“When I first came to Canada,” says a writer from that locality, “I found there were various opinions as to the method of making the sound. One man, who read a great deal, but rarely went into the woods, said that the sound was produced by the bird’s voice. Some of the hunters told me that the bird struck its wings on the log, and others that it struck them together over its back.
“I did not give much heed to the bookman’s explanation, for all the woodmen laughed at it. I soon learned to discredit also the idea that the bird thumped the log with its wings, because whether it stood on a stump or a stone, a rotten log or solid timber, the sound was always the same. Lastly, I did not believe that the wings were struck together, because, when a pigeon or rooster strikes its wings together, the sound is always a sharp crack. At length, after watching the bird carefully, I came to the conclusion that it drums by beating the air only.

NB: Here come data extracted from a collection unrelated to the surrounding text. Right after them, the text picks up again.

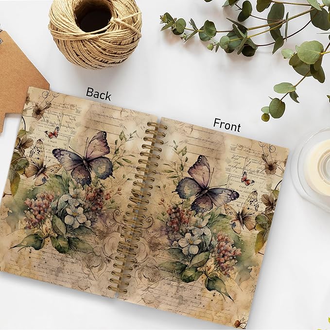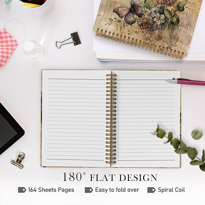 Vintage Butterfly Spiral Notebook, Butterfly Notebook, Butterfly Journal, Butterfly Flower Notebooks for School, Butterfly Floral Office Supplies Gifts for Women Girls Coworkers, 5.5x8.3 Inch
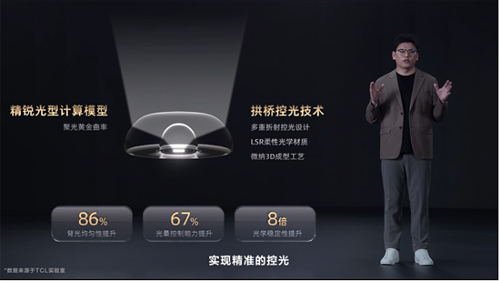 发光芯片的升级,是造就万象分区的第一个环节。TCL将蓝宝石高光晶底升级为超能高光晶底,并以ALD原子级耐蚀工艺实现电视亮度与能效的大幅提升,相较上一代多芯Mini LED芯片亮度提升53.8%,能效提升10%。第二,TCL使用升级版的拱桥控光技术,并采用可靠性更强的LSR柔性光学材质,同时还通过独家精锐光型计算模型,使新一代聚光微透镜在同样的分区数下,带来86%的背光均匀性提升与67%的光晕控制能力提升,更好地塑光型、去光晕,实现精准控光。
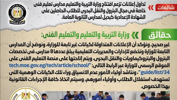 تداولت بعض وسائل الإعلام والمواقع الإلكترونية وصفحات التواصل الاجتماعي إعلانات تزعم افتتاح وزارة التربية والتعليم مدارس تعليم فني خاصة
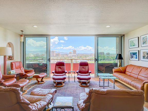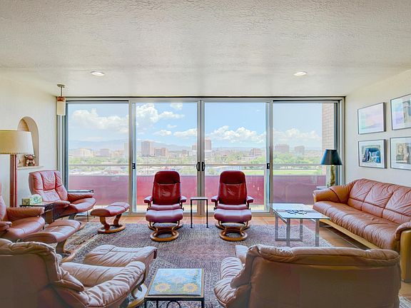 Beautiful furnished double unit with 2 bedroom,2 bath condo located on the 7th Floor. As you walk in, you'll be greeted to a beautiful entry way and spacious living/dining with maintenance free living in Albuquerque. Enjoy breathtaking views of the of the city and Sandia mountains via renovated Low-E wall of sliding doors. Flooring was renovated throughout with Saltillo Tile. Custom made bookshelves in the Foyer, family room and primary guest suite. The kitchen is a chef's delight with ample custom cabinets, granite breakfast bar island, walk-in pantry, SS appliances, microwave, dishwasher, refrigerator, and includes a Wine Bar and Wine Refrigerator. Two guest suites have renovated baths. HOA covers all utilities,
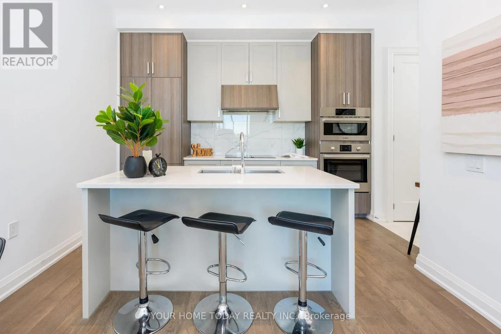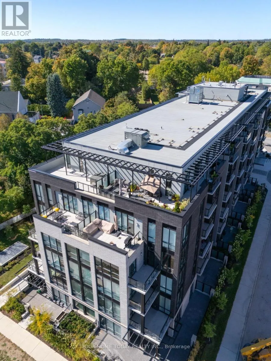 Highway 7 and Mill Spectacular is the only way to describe this 2-bedroom, 2-bathroom penthouse in The Mill Landing an exclusive condo located in the sought-after downtown area. If youre looking for luxury living and a lock and leave lifestyle this is the building for you! An opulent lobby welcomes you into the building where you will find superb facilities including an impressive party/meeting room, exercise room, gorgeous terrace with barbeques and so much more. This upgraded penthouse unit offers soaring 10.5 ceiling height, two terraces, tasteful ceramic and hardwood flooring and a fabulous open concept floor plan. The welcoming foyer offers a large closet and access to the well-equipped laundry area. The chef approved kitchen features two-tone cabinetry with integrated fridge, dishwasher and vent very classy! A huge island with seating, quartz counter, pot drawers, pot lights and open concept layout provides a seamless entertaining/living space. The combined living and dining room enjoy a built-in electric fireplace and floor to ceiling windows allowing the sunlight in. Two bedrooms, the primary with walkout to terrace, walk-in closet and luxurious 4-piece ensuite and a second bedroom with walkout to a larger terrace, large closet and access to the main 4-piece bathroom complete the unit. Wrapping up the package is the underground parking space and locker both owned. Great location. Short walk to GO, downtown, library, John Elliott Theatre, shops and close to main road for commuters. (id:27476)
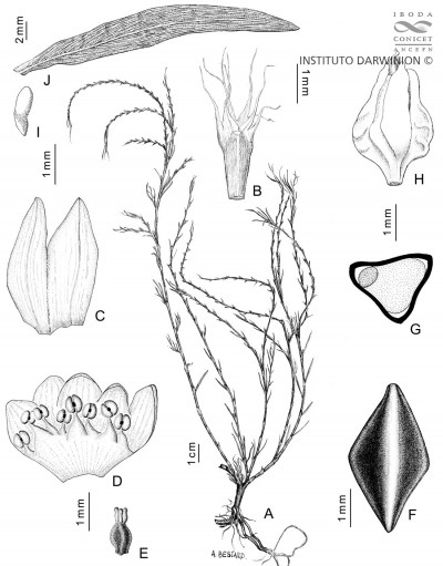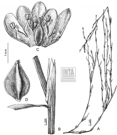 Hierbas perennes, de 30-40 cm de alto, con raíces leñosas; tallos robustos, leñosos, ascendentes, rectos, conspicuamente sulcados, glabros, poco ramificados desde la base. Hojas sésiles, lineales hasta aciculares en el ápice de las ramitas, de 1,5-4 × 0,2-0,5 cm, agudas, de margen levemente revoluto y rígido y base suavemente atenuada que se articula a la ócrea, glabras, con epifilo estriado e hipofilo con nervios notables. Ócreas 2-lobadas, de 0,6-0,7(-2) cm de largo, de margen entero en los nudos apicales y borde notablemente laciniado en los nudos basales, con frecuencia mucho más cortas que los entrenudos. Inflorescencia en cincinos paucifloros (3-4 flores), rara vez multifloros, formando en conjunto pleiotirsos; brácteas de los cincinos con lámina y ócrea similares a las de los nudos vegetativos; bractéolas de 3-5 mm de largo, glabras; pedicelos de 2-7 mm de largo, glabros. Perigonio blanco-verdoso, levemente carnoso, compuesto por 5 tépalos con prefloración quincuncial, obtusos, de 2,5-3 mm de largo, glabros; androceo formado por 8 (raro 5-6) estambres, dispuesto en 2 ciclos (5 + 3), con filamentos de 1-1,5 mm de largo, de base dilatada; anteras de 0,5 mm de largo; gineceo 3-carpelar, ovario ovoide, de 1 mm de largo, trígono, de caras cóncavas; estilos 3, libres, de 0,5 mm de largo, que rematan en estigmas capitados. Aquenios ovoide-trígonos, de 3-4 × 1,5-2 mm, con caras ovadas, cóncavas, de ápice agudo y pericarpio de superficie castaña, lisa.
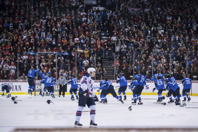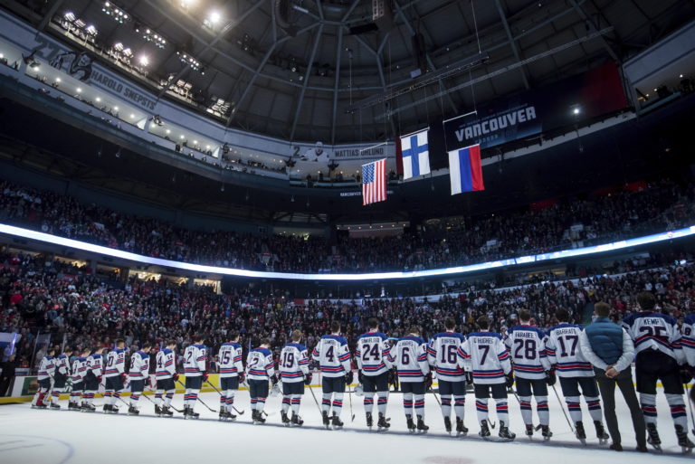 Hráči USA počas fínskej hymny po finále MS v hokeji do 20 rokov, Kanada, Vancouver, 5. január 2019.
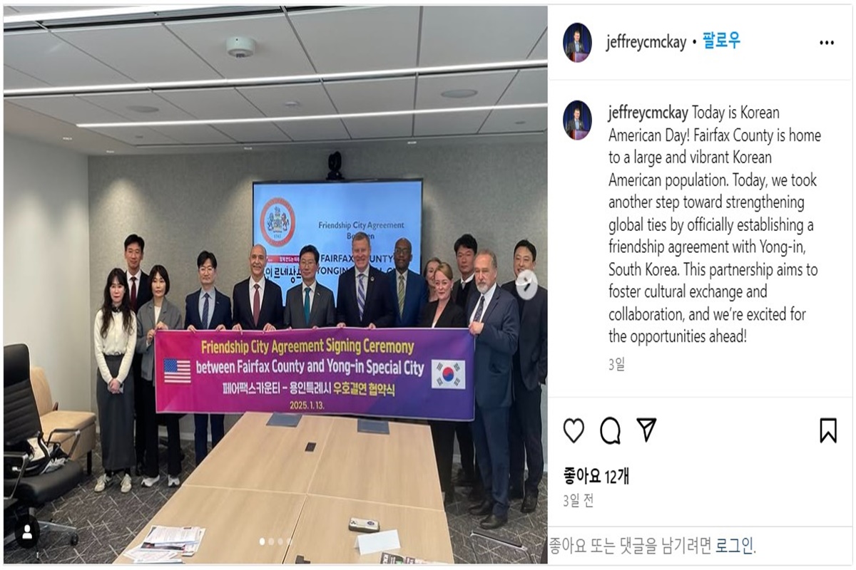 제프리 맥케이 페어팩스 카운티 의장도 자신의 SNS 계정에 용인과 우호교류 협력 체결 소식과 앞으로의 기대감을 담은 게시물을 올리면서 환영의 뜻을 표했다.
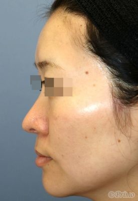 手術前の正面です。 4~5年前に他院でフレックスノーズを受けていらっしゃいました。 鼻先を高くしたい、笑った際に広がる小鼻を改善したいというご希望により、 当院で鼻中隔延長術+鼻背部軟骨移植術を行いました。 鼻中隔延長術+鼻背部軟骨移植術手術後6ヶ月の経過写真です。 術後は鼻中隔延長術により鼻先が高く、すっきりとした印象になりました。 手術前の斜めからです。 手術後6ヶ月の斜めからです。 手術前の横からです。 手術後6ヶ月の横からです。 鼻中隔延長によって鼻柱が下り、鼻先が下向きに伸びました。 口元が控えめになり、顔全体に立体感が生まれています。 鼻背部軟骨移植術の効果で鼻背ラインも綺麗に整いました。 ・費用(税別、麻酔代別) 鼻中隔延長術 ¥600,000 鼻背部軟骨移植術 ¥300,000 ・リスク・副作用(起こり得る可能性のあること) 腫れ、内出血、鼻出血、鼻づまり 鼻柱の傷跡 鼻先、耳介の知覚低下 鼻の傾き 鼻尖部の挙上ができない 鼻の形の左右差 鼻中隔延長術 にほんブログ村 美容外科ブログランキングへ Tags:フレックスノーズ修正鼻中隔延長術鼻背部軟骨移植術
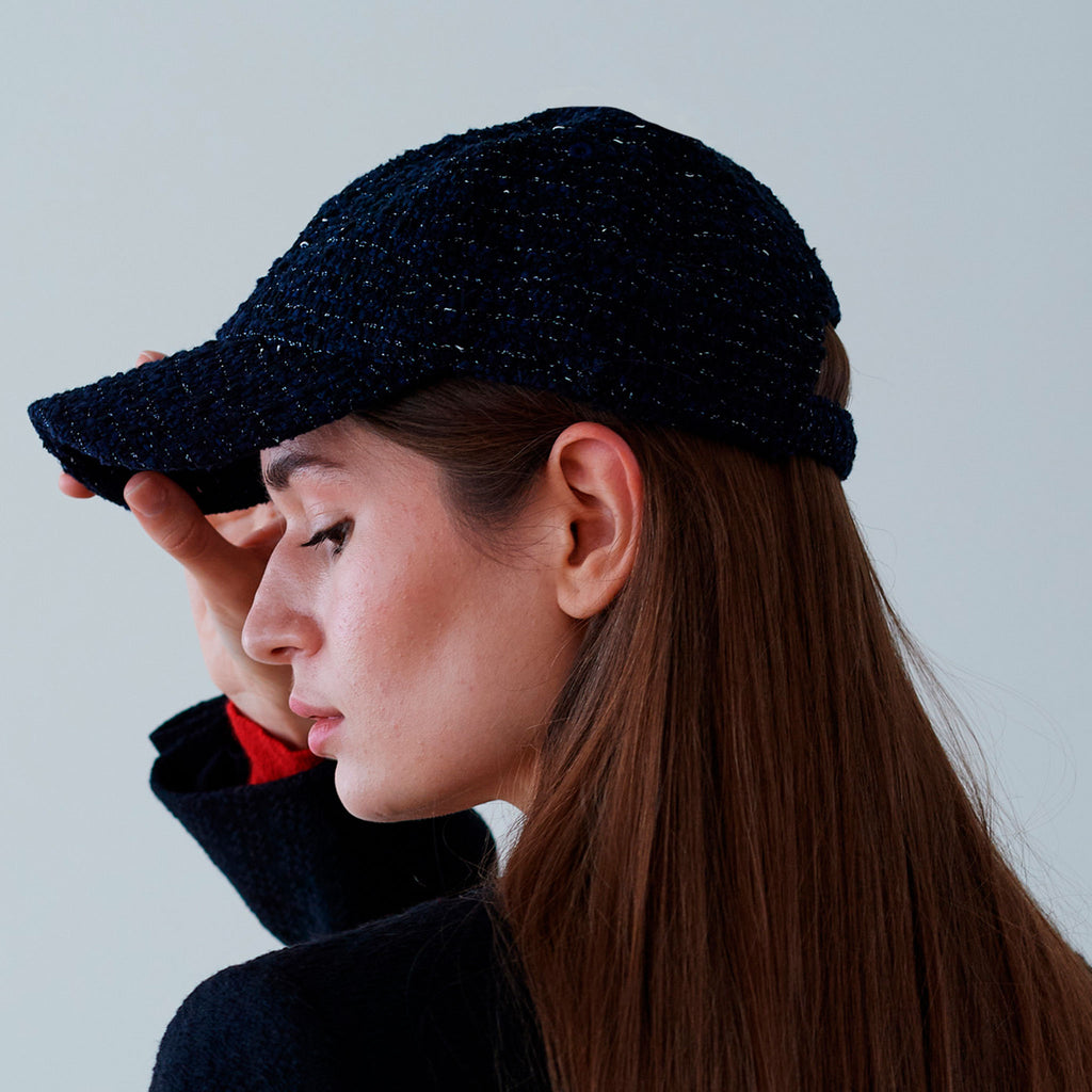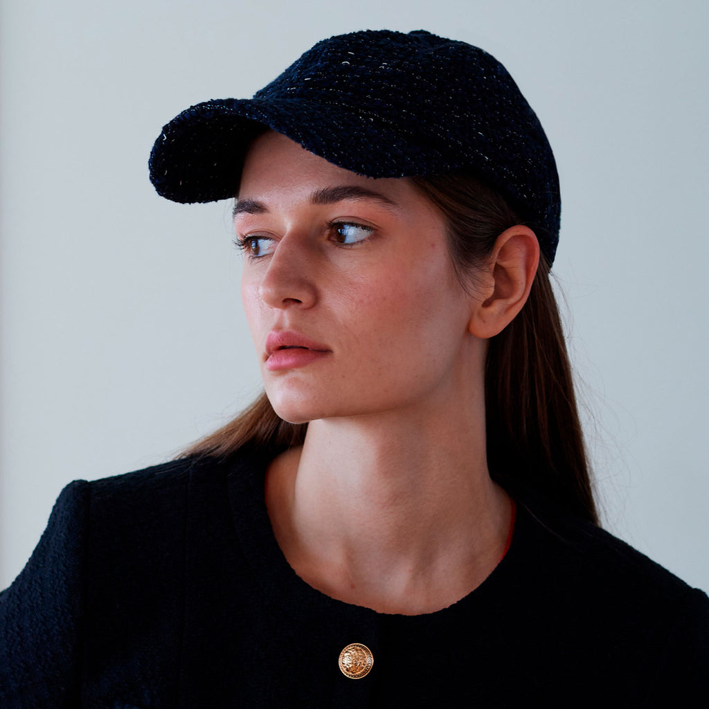 The Tweed Baseball Hat combines luxurious tweed fabric with a sleek and versatile design. Perfect for casual outings or pairing with formal suits, this hat brings a refined elegance to any outfit.
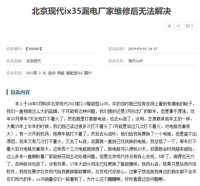 北京现代前两年可谓,鱼龙得水 活气涛涛 家喻户晓 人人皆知,可现如今既是鲤鱼跃龙门又是坠落深渊低谷。根据车质网了解到ix35 (配置|询价)屡遭客户投诉,原因则是汽车漏电情况严重,无法启动车辆,更为严重的是,有车主表示5年时间未被修好,对北京现代失望透顶。
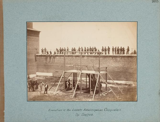 Keywords: Alexander Gardner - Execution of the Lincoln Assassination Conspirators. The Scaffold. - Google Art Project.jpg commons artist commons date commons medium commons dimensions commons institution Institution George Eastman House commons location commons references commons object_history commons exhibition_history commons credit_line commons inscriptions commons notes commons accession_number commons source commons permission commons other_versions commons zoom core title Execution of the Lincoln Assassination Conspirators The Scaffold core creator Alexander Gardner core date dateCreated 1865 core format w23 4 x h16 8 cm Image core type Photograph core rights George Eastman House Collections core format medium albumen print art artist_nationality American b Scotland art artist_birth_place Paisley Scotland art artist_death_place Washington DC art artist_date 1821/1882 c-06dbcf53 customtext from The Lincoln Conspiracy Album c-06dbcf53 customtext inscriptions recto printed on mount 2075 in ink Execution of the Lincoln Assassination Conspirators The Scaffold c-06dbcf53 customtext credit_line Museum Purchase; ex-collection of Col Arnold A Rand c-06dbcf53 customtext materials_source George Eastman House c-06dbcf53 customtext materials_extent complete c-06dbcf53 customtext inscriptions_source George Eastman House c-06dbcf53 customtext inscriptions_extent complete c-06dbcf53 customtext from_source George Eastman House c-06dbcf53 customtext from_extent complete c-06dbcf53 customtext credit_line_source George Eastman House c-06dbcf53 customtext credit_line_extent complete google display_date 1865 google is_artproject TRUE google is_gigapixel FALSE google is_secured TRUE google partner/id 0000000006dbcf53 google picasa_token OFs-A8HrQt1qh5xeCRxLWbyKj3A special url_id 9AFJgD5TbYlwGQ google partner/name George Eastman House special partner/name_no_lang George Eastman House PD-old-100-1923 1882 Alexander Gardner Google Art Project works by Alexander Gardner Scaffold execution site |
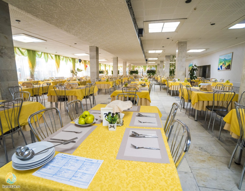 В санатории «Зори Ставрополья» вас будут кормить 3 раза в день. Система питания — заказ блюд заранее по меню. Питание диетическое, в список диет включены 15 стандартных диет по Певзнеру: щадящие, высокобелковые и низкобелковые, низкокалорийные, диеты для больных сахарным диабетом, страдающих аллергией или болезнями суставов и другие.
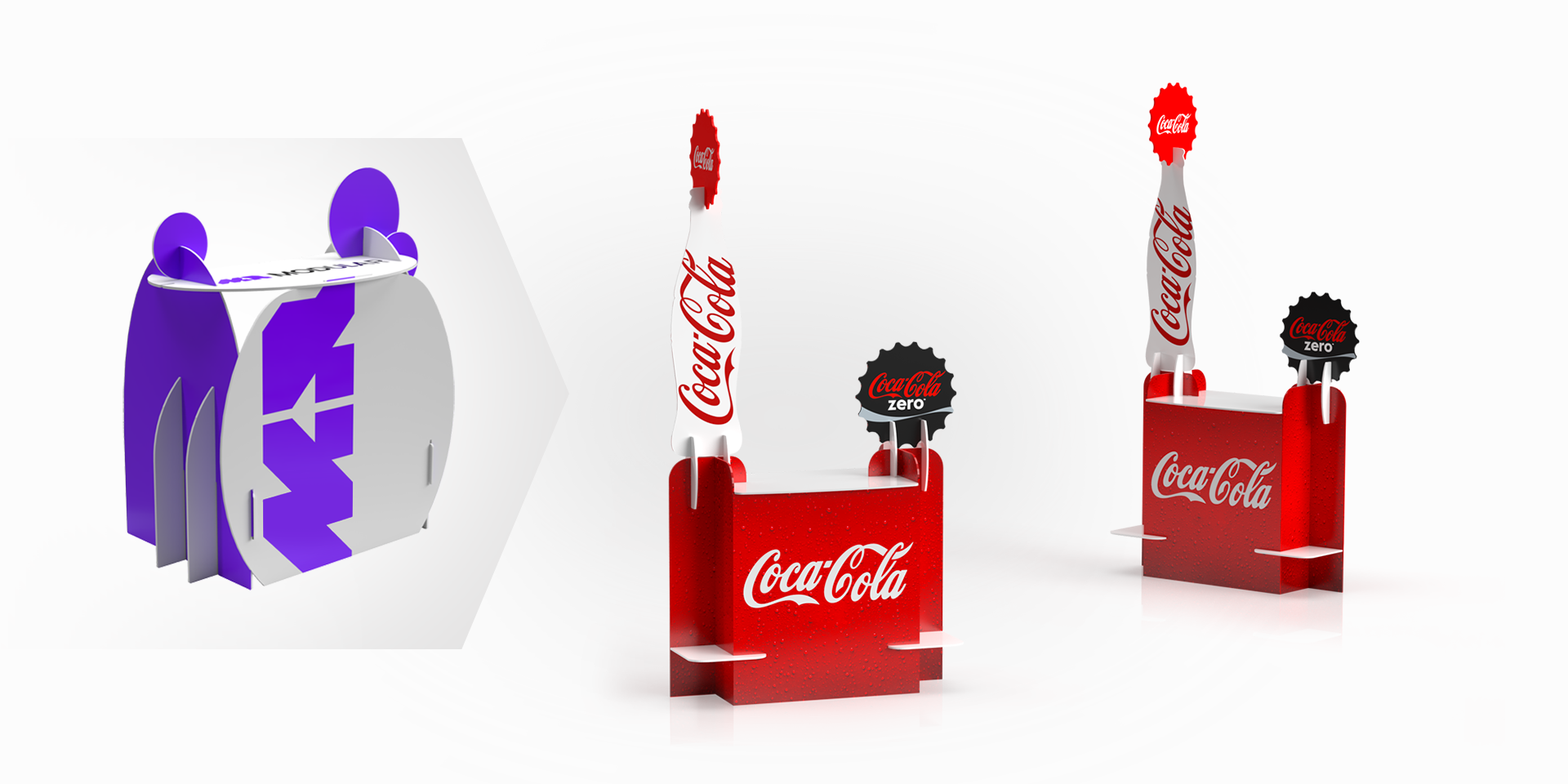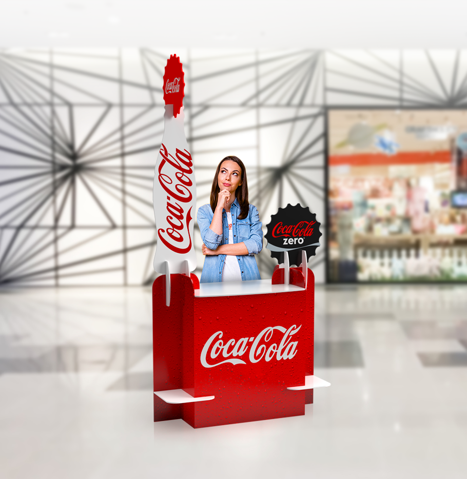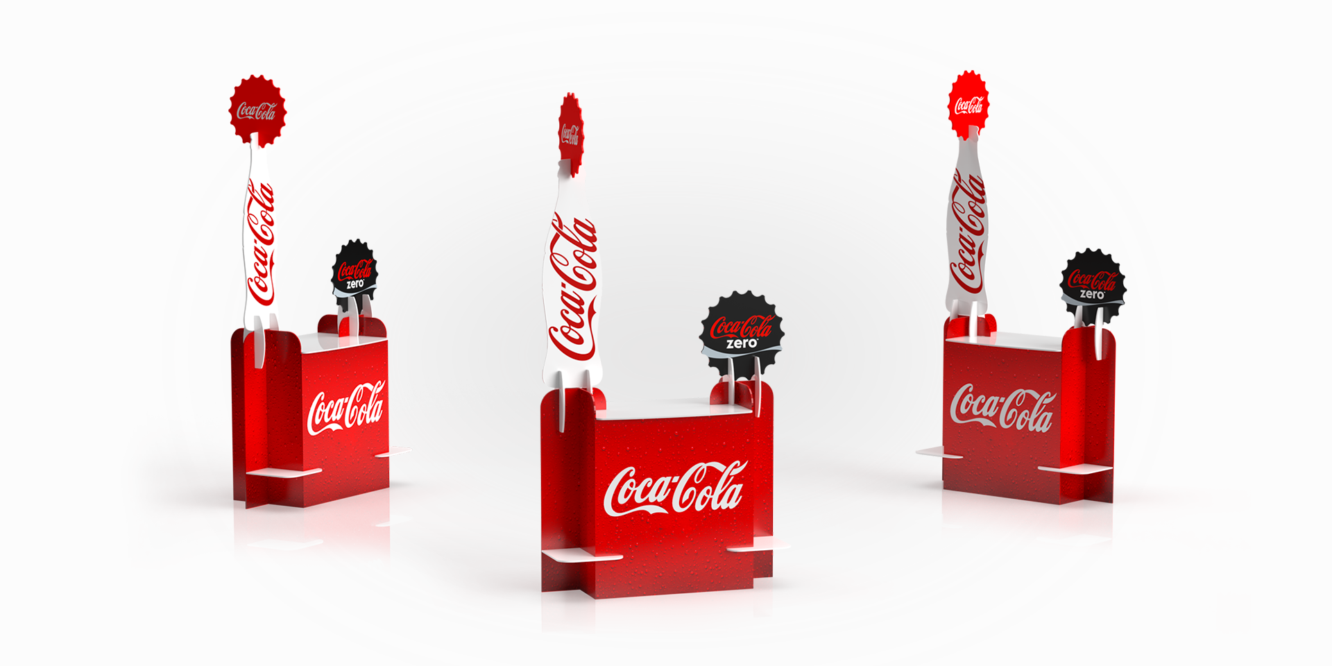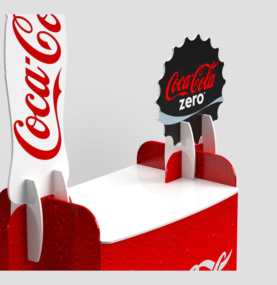 Это концепт-дизайн MR.DESK для Coca-Cola. Промо-стол может выглядеть интересно и креативно, с объемными выступающими элементами, которые подчеркивают характер бренда.

“It is not an easy matter to get sight of a partridge when he is drumming, but I managed to do it by crawling on my hands and knees toward the bird, lying still while he was quiet, and only moving forward when he renewed his noisy courtship; for it is only to woo and win his mate that Sir Ruffled Grouse indulges in these musical exercises.
“In this way I contrived to come within twenty feet without alarming him. Through the alder thicket I could just see his shapely form, strutting about like a turkey cock; then for a moment he stood upright, with his feathers lying close.
“Suddenly his wings flashed, and at the same moment I heard the loud thump. Then for a few seconds he stood looking about as though nothing had happened; but presently came a second flash and thump, and others followed at lessening intervals, until at last the serenade rolled a way like the galloping of horses or the rumbling of distant thunder.”